Thus, I think it should be enough to implement at least the SmilesValue, StringValue and SDFValue interfaces and ensure that toolkit nodes can use a string representation as a fallback if the toolkit object-type is not available. This apparoach would also prevent thinking about rendering solutions, because these are already present for the different String value types. However, if the community agrees on a new datatype, I will try to adapt our nodes as best as possible to be fully compatible with it.   

Nikolas

I really like the idea of avoiding the many explicit type conversions that are needed today. On the other hand, I am also very happy about the fact that KNIME gives the user full control of what happens to his molecule and is one of few tools on the market that are able to write an SDFile exactly as it was read originally. This can be critical in some applications and is possible only because KNIME does not parse and interpret a molecule by default. I would thus support Greg’s proposal and suggest to stay away from trying to represent a molecule in some common form.

Assuming that also some of the commercial node vendors might use the new cell type, I could end up with (say) five or six different representations in my container if I mix nodes from many sources.

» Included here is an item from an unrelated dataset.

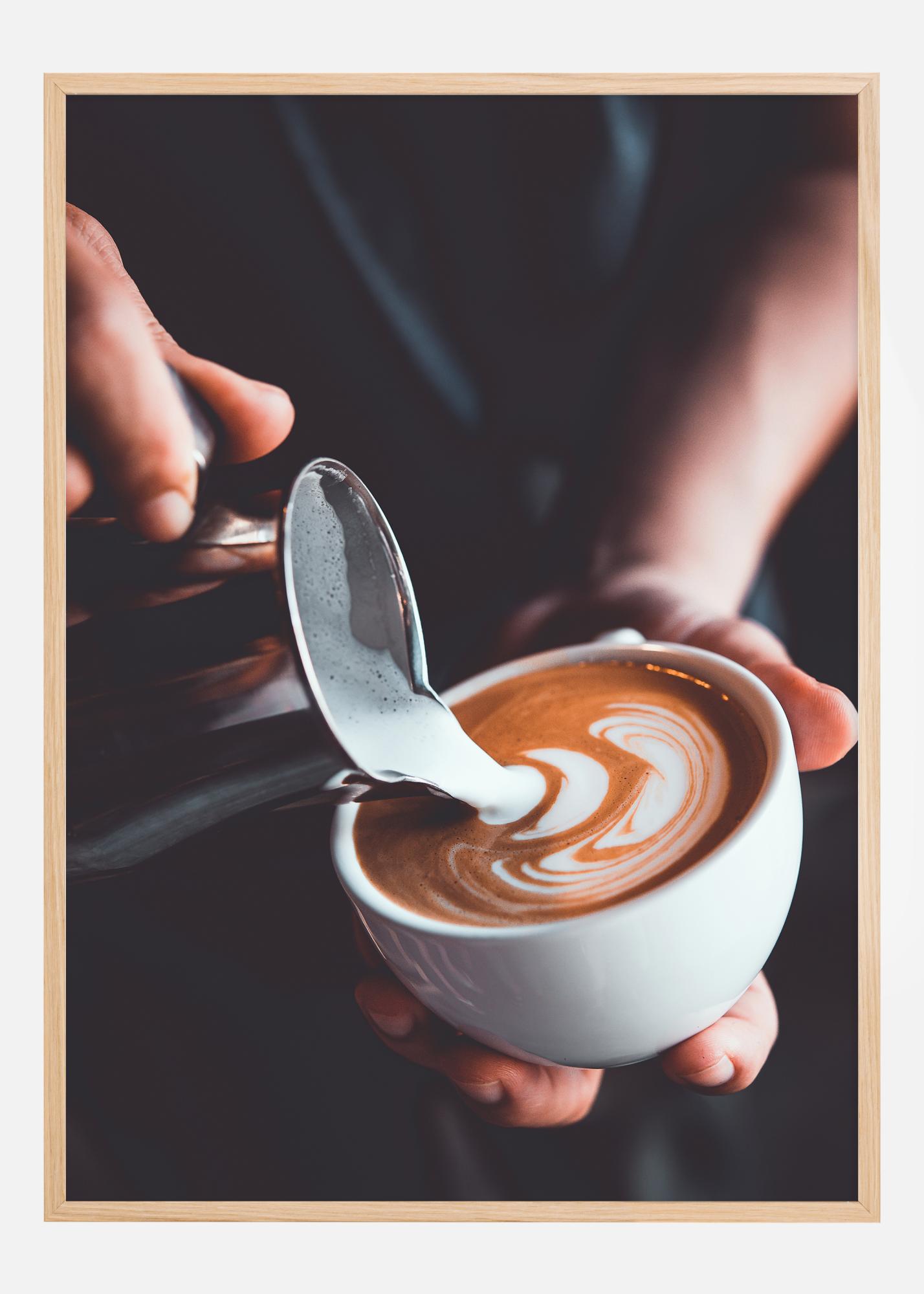 Deze affiche vangt de essentie van het paradijs voor koffieliefhebbers met een close-up afbeelding van handen die de perfecte cappuccino creëren. Het motief toont de kunstenaar achter de koffiebar in een bijna dansachtige ritme wanneer de melk voorzichtig wordt geschonken om een prachtig hartpatroon in het schuim te vormen. De donkere achtergrond van de poster benadrukt de warme tinten van de koffie en het glinsterende oppervlak van de weelderige melk, wat uitnodigt tot een gevoel van comfort en genot.

For large datasets, this could lead to memory issues. What about a user-defined variable that limits the number of different representations the container would accept? If the limit is reached, the addition of a new representation would remove the oldest “specialized” entry in the container (FIFO). This way, each user could choose an optimal memory-speed tradeoff.

Nils

Nikolas, your approach is quite similar to the one Greg is suggesting. The difference is that you need to do the conversion from SDF (e.g.) to the internal format again and again if a chain of nodes from the same package are used, because the internal format is not preserved. With the new molecule type, nodes can (silently) "append" their internal representation to an existing cell and then use it directly in subsequent nodes. Of course, you really need to take care that the different representations in one cell do not get out of sync.

Nils,

As long as the nodes are implemented correctly, the amount of memory used wouldn't be any more than what it is now.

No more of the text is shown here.